Over at Common Gunsense, Joan Peterson has been breeding a special batch of extremist ramblings lately. Like a train wreck, you can’t help but look. In this episode, she takes a position against teaching kids gun safety. She notes:
Little boys in particular seem to love shooting noises and pretend shooting at an imaginary animal or toy. It must be something in the DNA of male children ( or testosterone?). But real guns are not toys.
It’s evolution, and who can argue against evolution? It’s science! You’re not a science denier, are you Joan? I thought that was for the kinds of people who support the corporate gun lobby.
See, without weapons, humans make pretty tasty cat food, and our early ancestors and cousins were regularly preyed upon by big cats, birds and other predators until hominids evolved large enough brains to fashion weapons. Like most other species, our young instinctively engage in play that aids in honing critical survival skills, just like you notice in kittens. Even typical youth past times like baseball have an evolutionary angle revolving around weapon employment. If our species’ most sophisticated weapon was still the spear, young boys would still be picking up sticks and engaging in play that involved throwing them, probably at each other. It’s instinctive behavior, because humans whose children engaged in this behavior survived better than those whose didn’t, and that’s evidenced by the fact that our species, the weapon making species, is the only hominid species to survive.

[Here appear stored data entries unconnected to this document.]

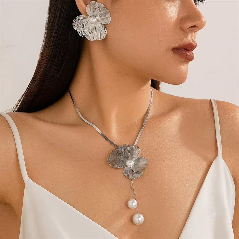 New Bridal Jewelry For Wedding Party Perfect Gift Fashion Silver Gold Plated Flower Pendant Necklace Stud Earrings Jewelry Set for Women Party Bridal Wedding Jewelry Gift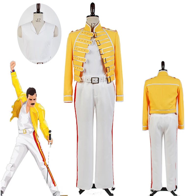 Сценический костюм Queen Lead Freddie Mercury wэмблей на сцене для мужчин и женщин для косплея желтая куртка белые брюки костюм на Хэллоуин полный комплект
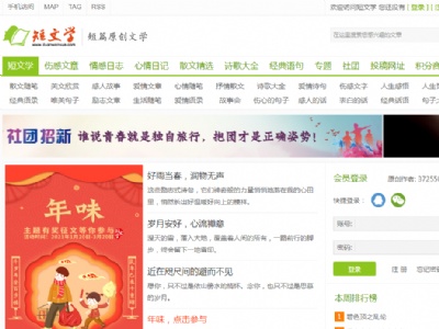 短文學網短文學是一個原創文章的投稿網站,主打原創短篇文學,集傷感文章、情感日志、心情日記、散文精選..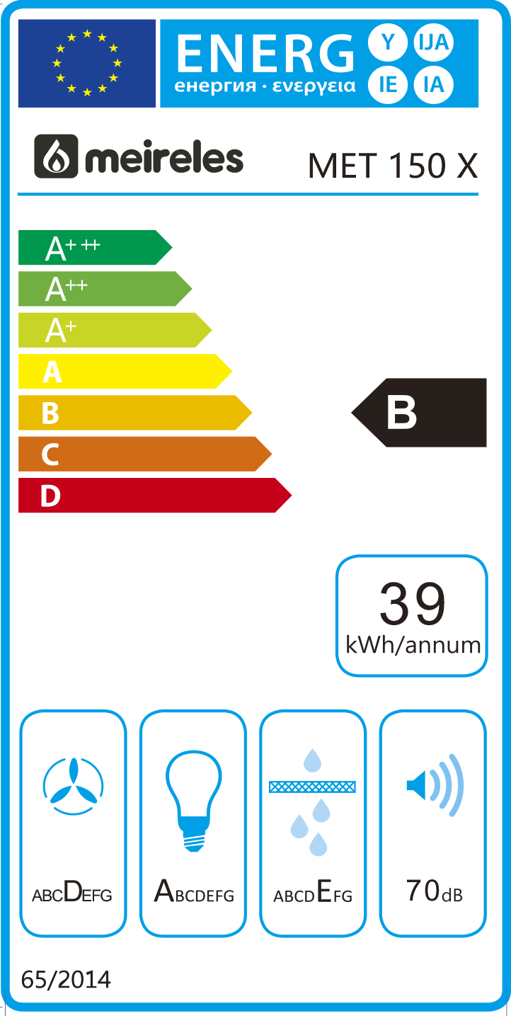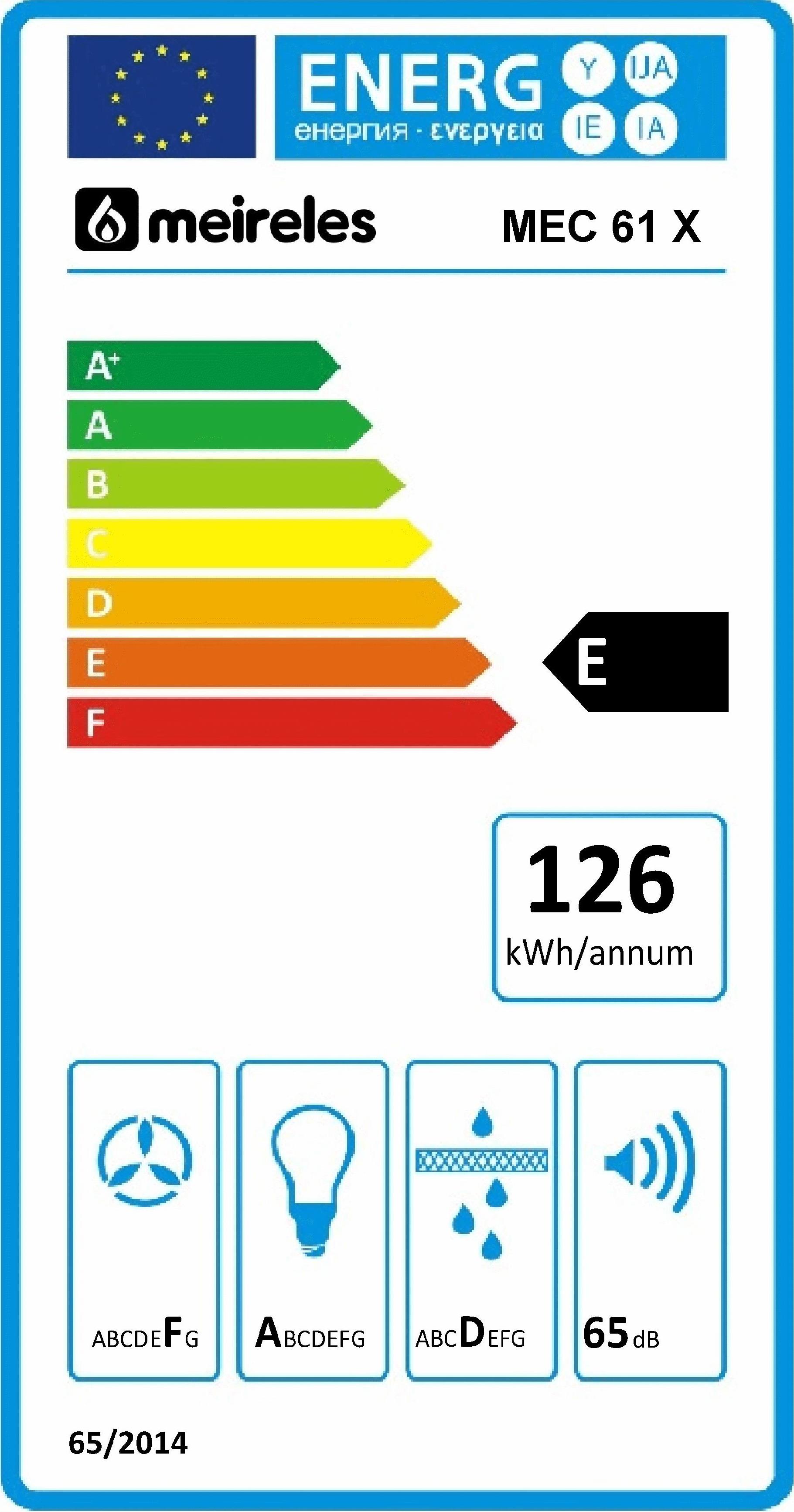 CLASSE E - LARGURA 60 CM - CAP. MÁXIMA EXTRAÇÃO: 365M3/H - 65dB - INOX
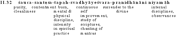 - continuous self improvement, study of the scriptures, and chanting of mantras (svadhyaya), and
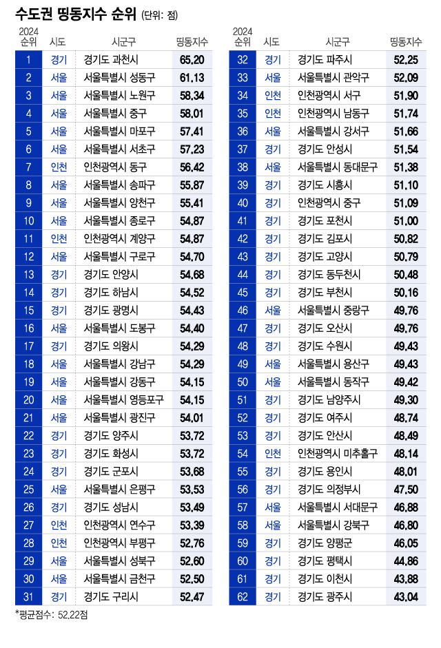 과천시 띵동지수는 65.20점으로 수도권에서 가장 높았다. 정량지표(66.57점)와 정성지표(64.96점) 모두 전체 1위를 차지했다. 상위 10위권 내에서 인천광역시 동구와 함께 유일하게 서울이 아닌 지역이다. 보육과 안전, 의료 등 수치화해 평가할 수 있는 인프라가 잘 갖춰진데다 주민들도 이에 만족하고 있다는 의미다. 실제로 과천시는 지난 2월 발표된 통계청 '2023년 인구동향조사'에서 합계출산율(가임 여성 1명이 평생 낳을 것으로 예상되는 평균 출생아 수)이 1.02명으로 경기도 내 31개 지방자치단체 가운데 가장 높은 수준을 기록했다. 과천시는 최근 저출산대응TF(태스크포스)팀도 신설해 운영 중이다.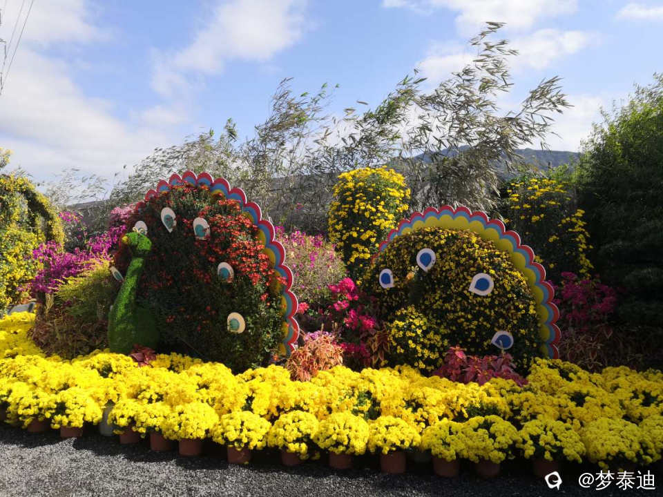 在菊展中除了有孔雀开屏,还有兔子,猫咪等动物造型,不知看菊展的你注意到了吗?

The first step in bringing those aggressive instincts under control is to first acknowledge that they exist, and then teaching the young the discipline and responsibility necessary to control them, and use them in a socially responsible manner. For many boys and girls, the discipline required by shooting is a healthful outlet for what they are naturally are drawn to. Denying them the opportunity to explore that part of themselves under proper supervision would be a grave disservice, especially to appease a paranoid and fearful prohibitionist movement, that would rather pretend such things just aren’t true.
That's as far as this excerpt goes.